ABOUT THIS EXERCISE.
Retype the entries exactly; omit all pictures.

-- MATERIAL FOR THIS EXERCISE follows --

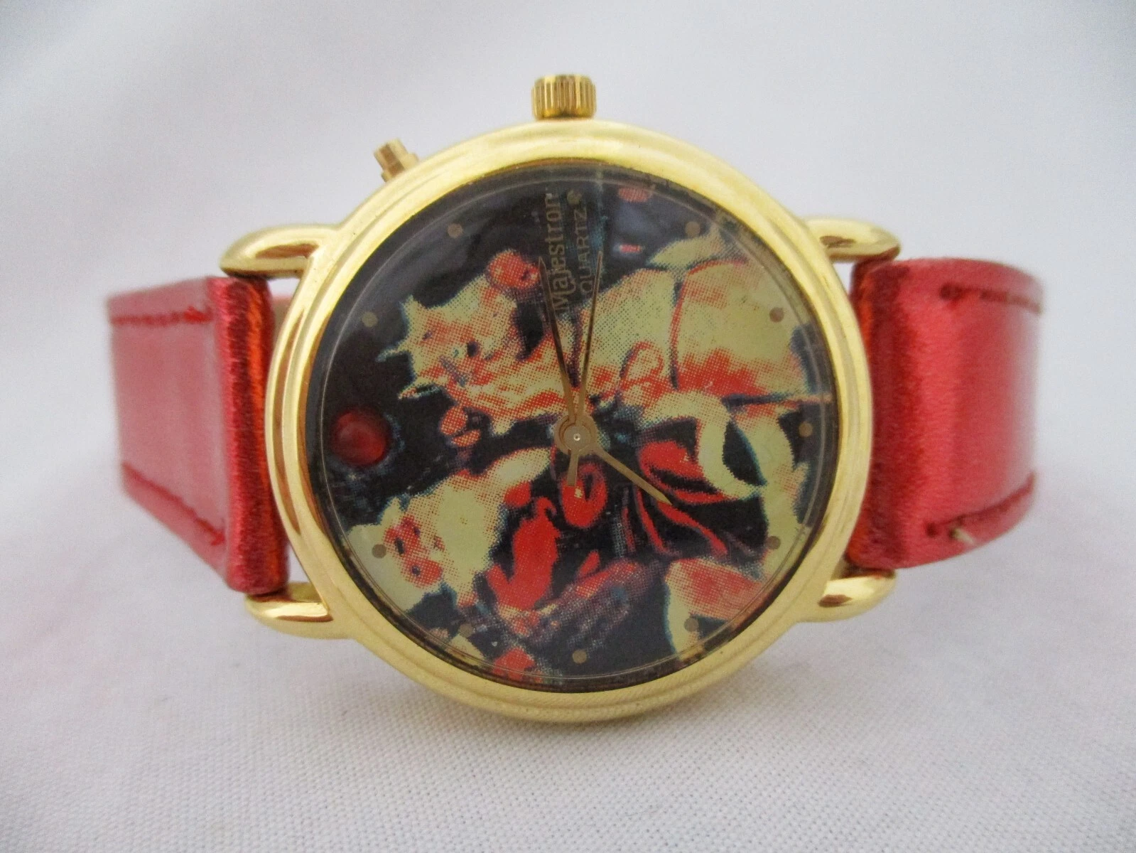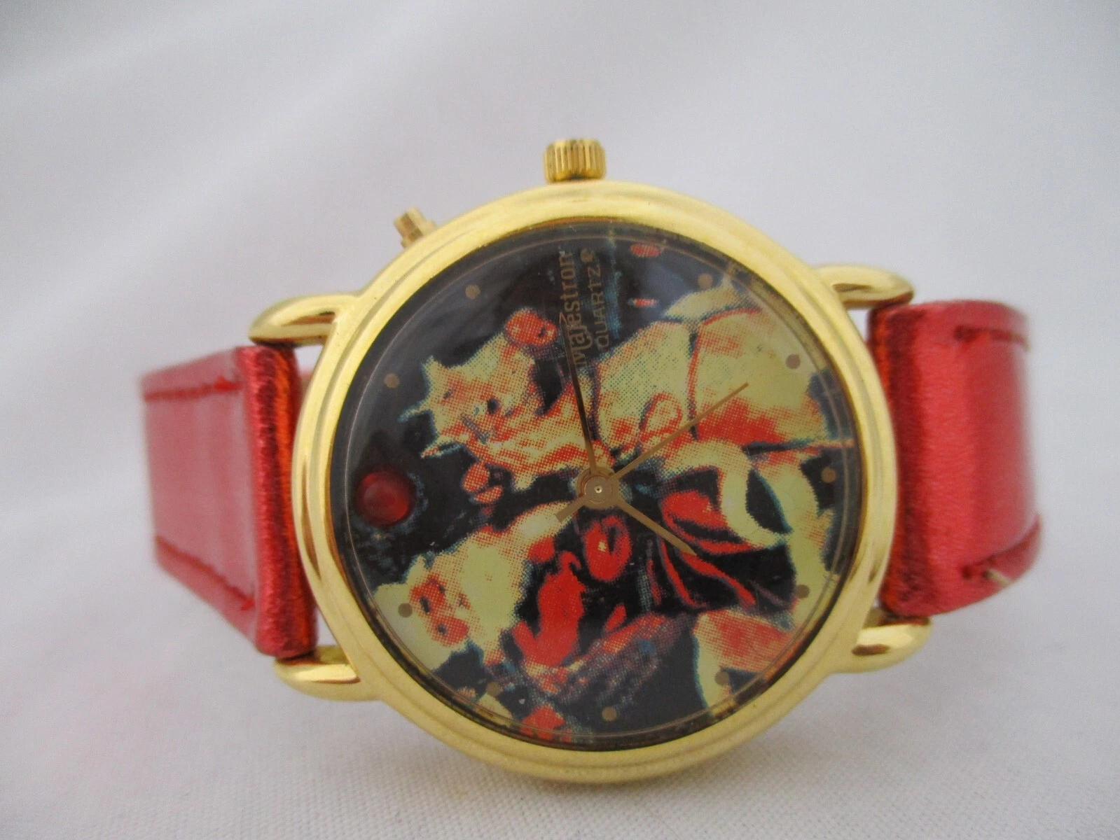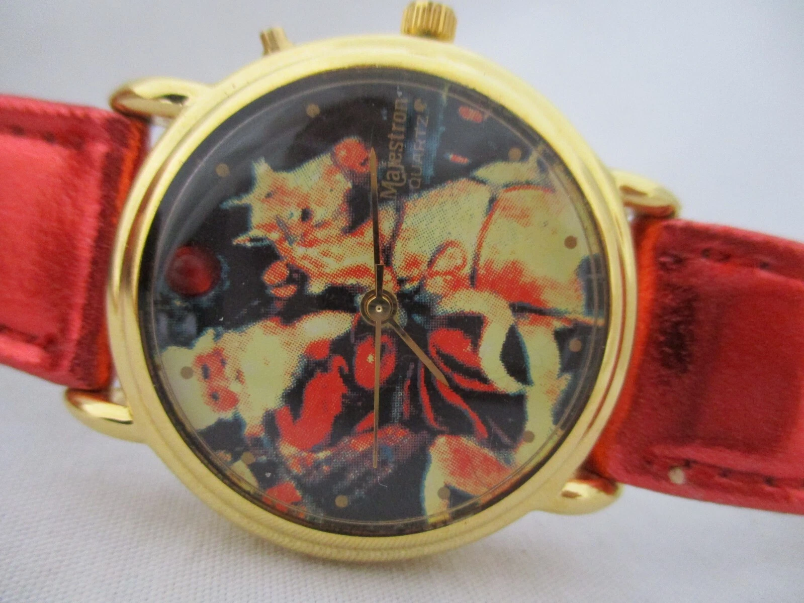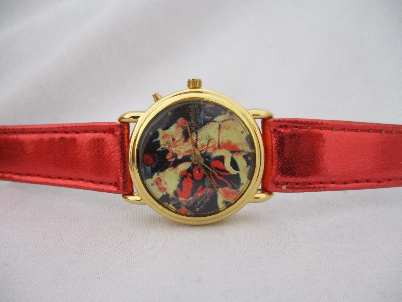 Majestron Christmas Unisex Adult Red Buckle Band Analog Watch *Working*
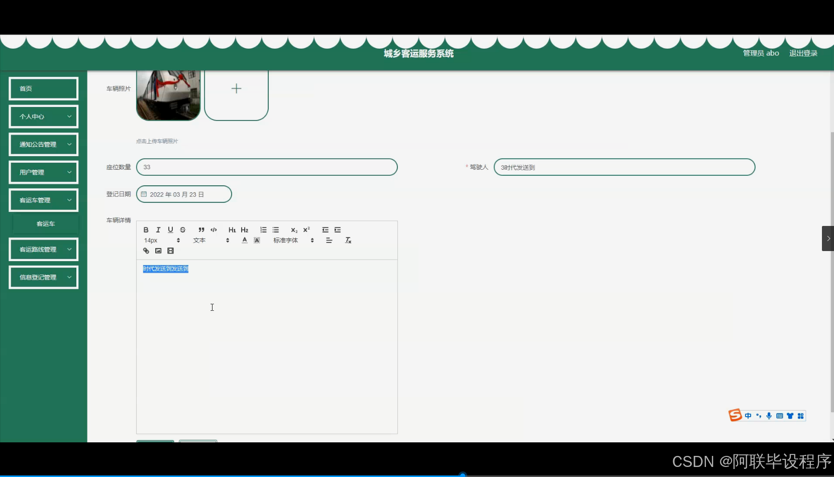 - 信息登记模块:研究如何建立完善的信息登记系统,确保客运车辆、司机、乘客等相关信息的准确登记。同时,要考虑信息的安全性和隐私保护,防止信息泄露。
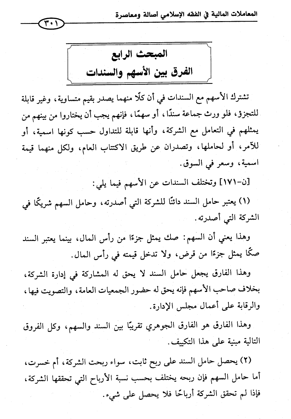 (١) يعتبر حامل السند دائنا للشركة التي أصدرته، وحامل السهم شريكا في الشركة التي أصدرته.
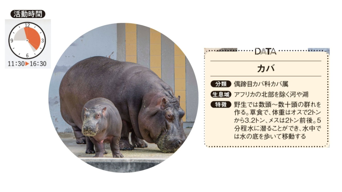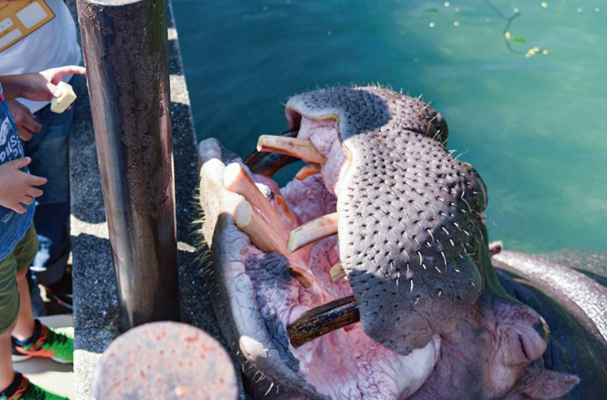 普段は入れないエリアでカバを間近に観察しながらエサやり体験ができる。まんぷくが近くで見られたらラッキー! チケット1枚300円、エサ3個、6名まで。15組限定。
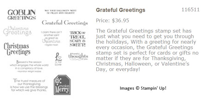 The greeting is from the Holiday Mini Catalog stamp set Grateful Greetings (116511). Grateful Greetings is available for purchase only until January 4, 2010.
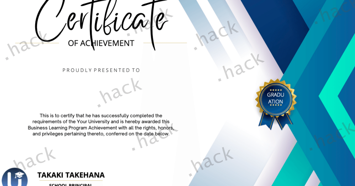 こちらは、ユアユニ全単位取得者の第一号の証明です。
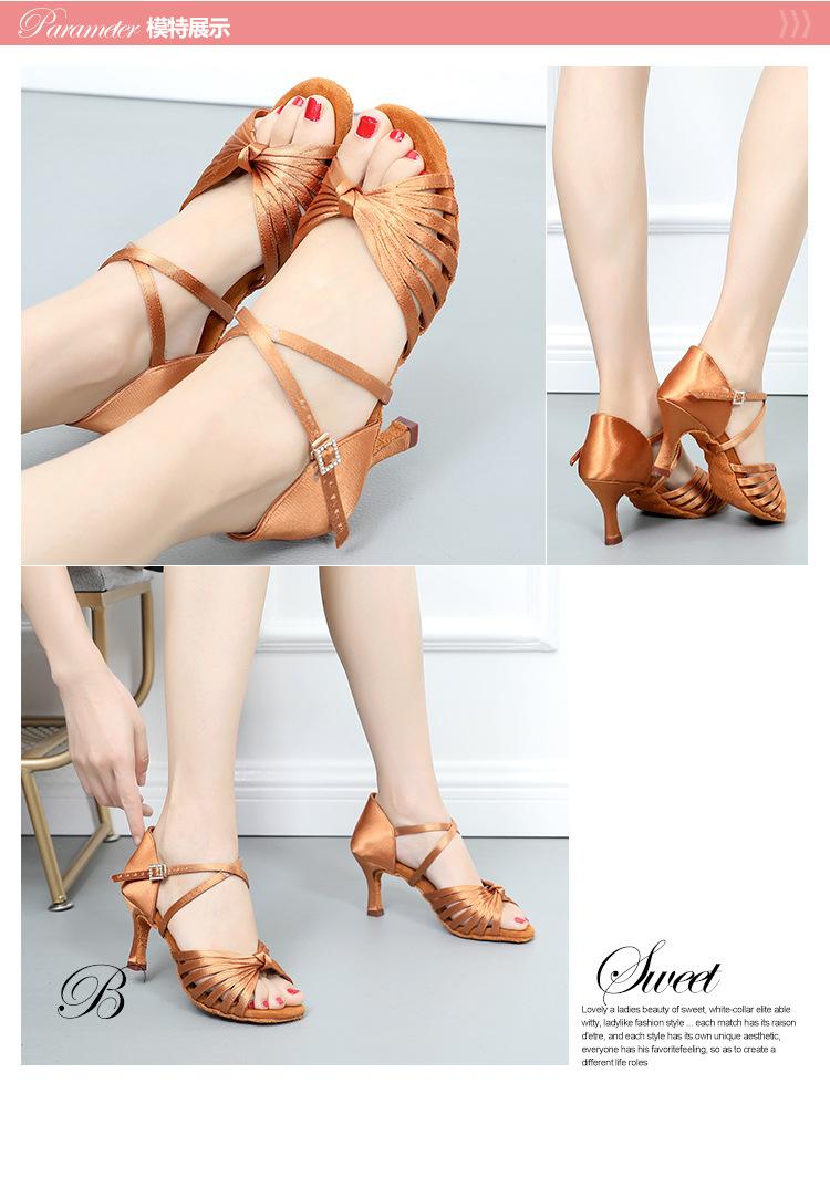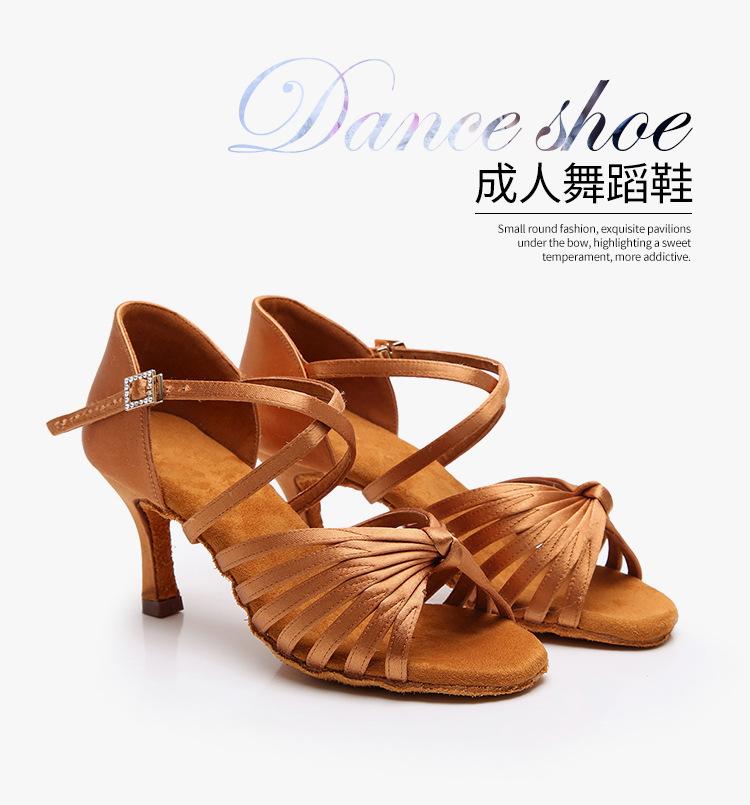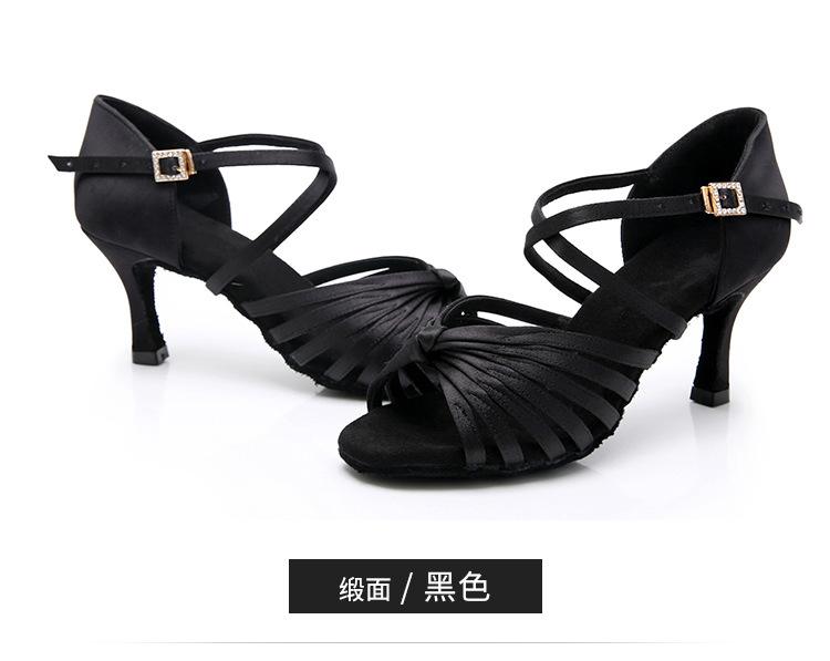 Zapatos de baile latino profesionales de seda para adultos con suela blanda y hebilla de diamante para mujer, zapatos de baile de salón, tacón alto, prueba de rendimiento Cha
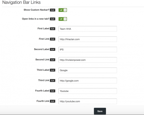 Easy & simple to use. Custom navbar labels & links. Displays up to 4 custom links in the navbar. Ability to show or hide the Custom Navigation Bar. Ability to open links in a new window/tab.92 downloads

-- MATERIAL FOR THIS EXERCISE concluded --

TASK OUTPUT.
 Majestron Christmas Unisex Adult Red Buckle Band Analog Watch *Working*
 - 信息登记模块:研究如何建立完善的信息登记系统,确保客运车辆、司机、乘客等相关信息的准确登记。同时,要考虑信息的安全性和隐私保护,防止信息泄露。
 (١) يعتبر حامل السند دائنا للشركة التي أصدرته، وحامل السهم شريكا في الشركة التي أصدرته.
 普段は入れないエリアでカバを間近に観察しながらエサやり体験ができる。まんぷくが近くで見られたらラッキー! チケット1枚300円、エサ3個、6名まで。15組限定。
 The greeting is from the Holiday Mini Catalog stamp set Grateful Greetings (116511). Grateful Greetings is available for purchase only until January 4, 2010.
 こちらは、ユアユニ全単位取得者の第一号の証明です。
 Zapatos de baile latino profesionales de seda para adultos con suela blanda y hebilla de diamante para mujer, zapatos de baile de salón, tacón alto, prueba de rendimiento Cha
 Easy & simple to use. Custom navbar labels & links. Displays up to 4 custom links in the navbar. Ability to show or hide the Custom Navigation Bar. Ability to open links in a new window/tab.92 downloads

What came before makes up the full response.